A Victorian boarding school story, a Gothic mansion mystery, a gossipy romp about a clique of girlfriends, and a dark other-worldly fantasy--jumble them all together and you have this complicated and unusual first novel.  Sixteen-year-old Gemma has had an unconventional upbringing in India, until the day she foresees her mother's death in a black, swirling vision that turns out to be true. Sent back to England, she is enrolled at Spence, a girls' academy with a mysterious burned-out East Wing. There Gemma is snubbed by powerful Felicity, beautiful Pippa, and even her own dumpy roommate Ann, until she blackmails herself and Ann into the treacherous clique. Gemma is distressed to find that she has been followed from India by Kartik, a beautiful young man who warns her to fight off the visions. Nevertheless, they continue, and one night she is led by a child-spirit to find a diary that reveals the secrets of a mystical Order. The clique soon finds a way to accompany Gemma to the other-world realms of her visions "for a bit of fun" and to taste the power they will never have as Victorian wives, but they discover that the delights of the realms are overwhelmed by a menace they cannot control. Gemma is left with the knowledge that her role as the link between worlds leaves her with a mission to seek out the "others" and rebuild the Order. A Great and Terrible Beauty is an impressive first book in what should prove to be a fascinating trilogy. - Good Reads 

This was an interesting read. Libba Bray has a magical way of weaving words. I felt tuned in with the era it was written and really enjoyed her writing. It was spot on.
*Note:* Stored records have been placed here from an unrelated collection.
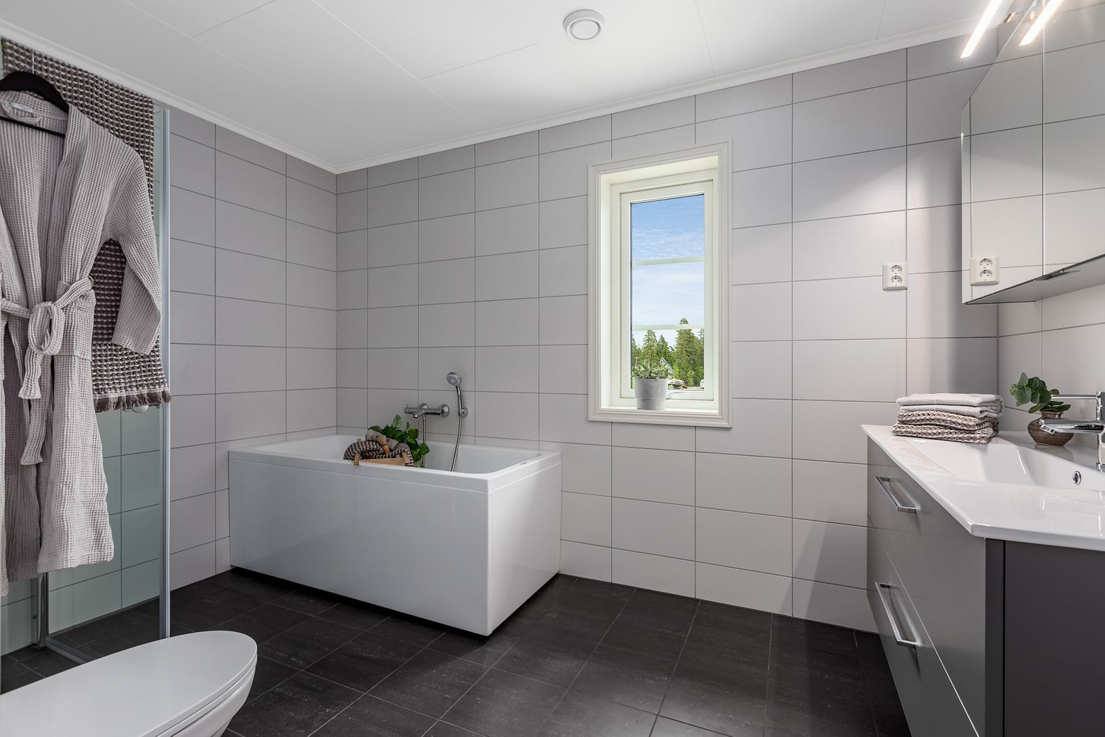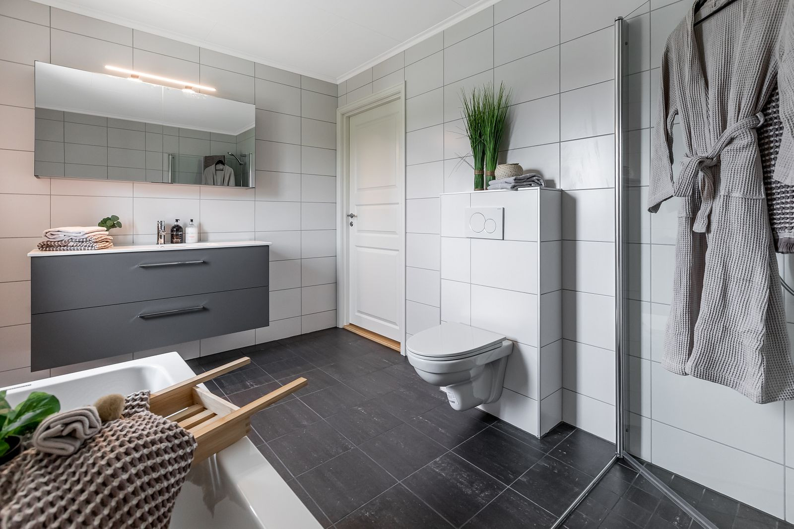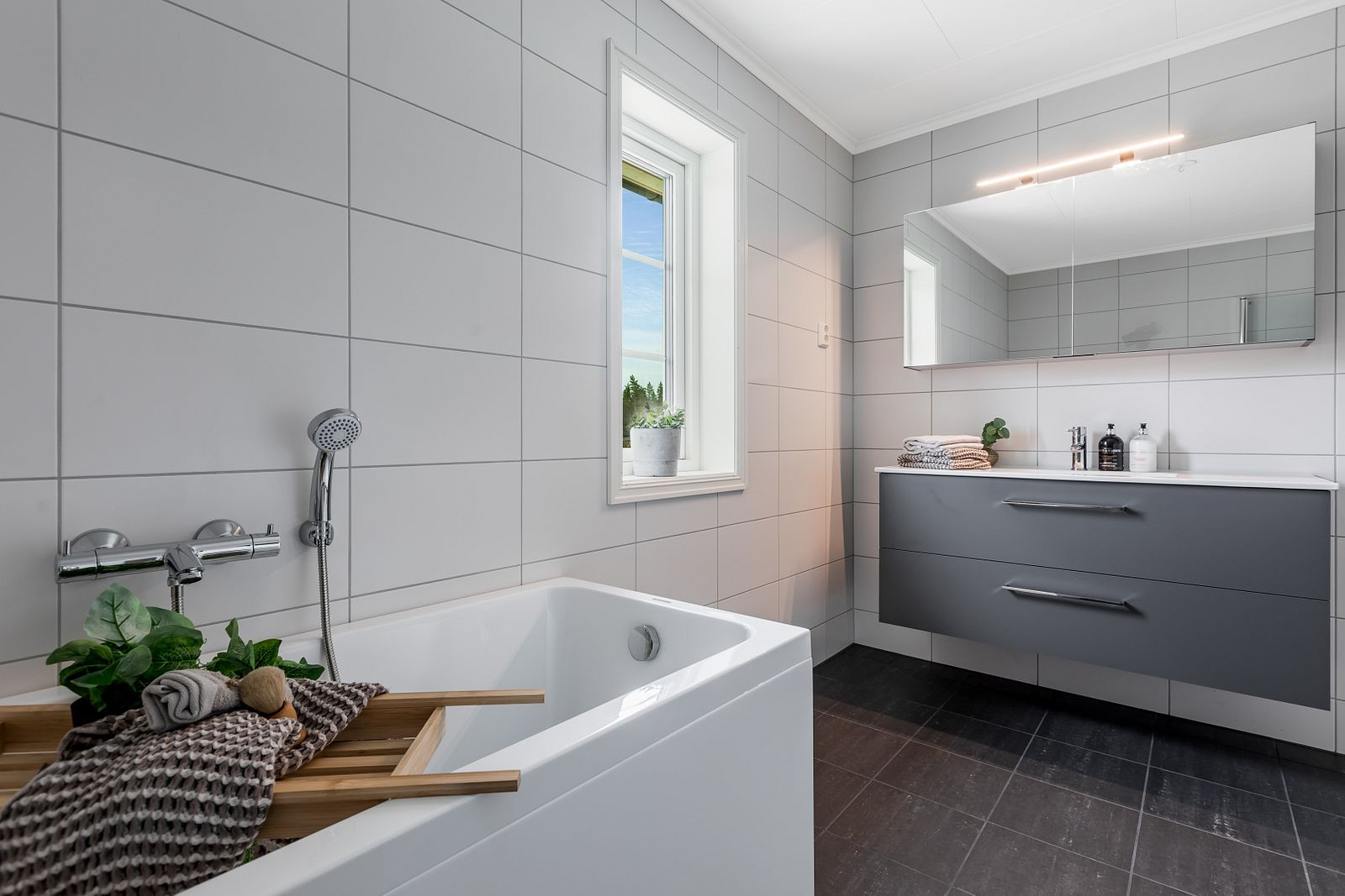 Pent, flislagt bad utstyrt med både dusj og badekar. Vegghengt toalett og Dansani 120 cm baderomsinnredning med to skuffer og speilskap med lys fra Bademiljø. Varmekabel i gulv.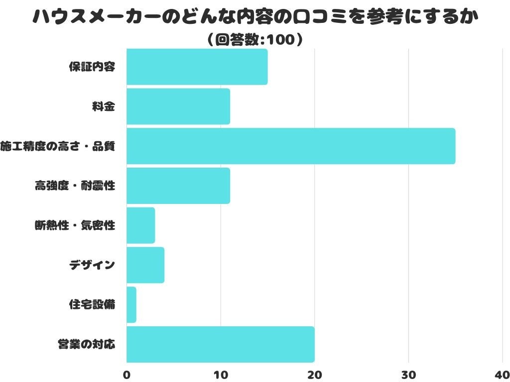 ハウスメーカーのどんな内容の口コミを参考にするかをアンケートにて調査したところ、1位は「施工精度の高さ・品質」でした。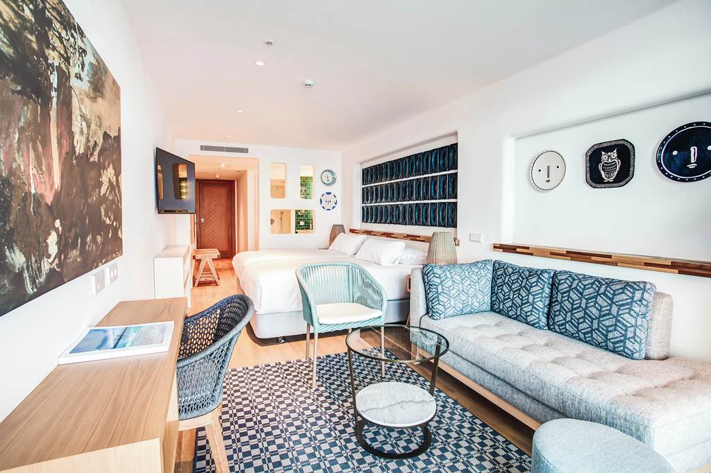 Double Superior Sea View: Combined sleeping & living area with twin beds. Bathroom with rain shower. Size 32-35m². Terrace with pool & sea views 8m². Maximum occupancy 2 adults. Situated in blocks 1-3.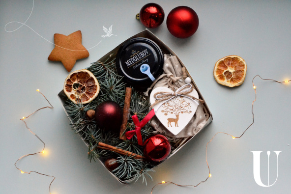 Новогодняя композиции из датской декоративной ели нобилис + баночка мёда и набор для глинтвейна

Gemma, the heroine of the story was a complete brat in the beginning and I did see some growth by the end of the book, but the friendship and trust between Gemma and her friends didn't feel legitimate to me. They were interesting girls, but I found myself feeling Gemma was a little dumb for being friends with such mean spirited girls. Felicity in particular showed her true colours numerous times throughout the book, yet Gemma seemed not to mind.

I think what I loved the most in this book was the moments between Gemma and Kartik. They were definitely swoon worthy! I think that storyline and the general underlying creepiness of the story were the only things that swayed my emotions. In parts where I would normally cry or get upset I didn't really feel anything. I read long into the night and every little creak in our place had me feeling jumpy, so the creep factor was definitely there.

Overall, it was an interesting read. It wasn't amazing, but it was good. I mostly want to keep reading just to see what happens between Gemma and Kartik...


  1. I felt the same way; it was good, but didn't really amaze me. I did enjoy the creepy walks through the woods. I kept waiting for things to jump out of the shadows!

  2. I had mixed feelings about this book, too, for the same reason as you - I didn't really like the 4 girls or believe in their friendship. However, I much preferred the second book, Rebel Angels, and I think all the girls get greater depth in that one (especially Felicity) and their friendship is stronger. I agree Libba Bray's prose is lovely; I also love the way she portrays female strength.

  3. BJ: That's exactly what I felt like!

    TG: I started Rebel Angels and then picked up Hush, Hush and Crescendo by Becca Fitzpatrick and got addicted to those yesterday. I finished both, so I'm going to pick up Rebel Angels again!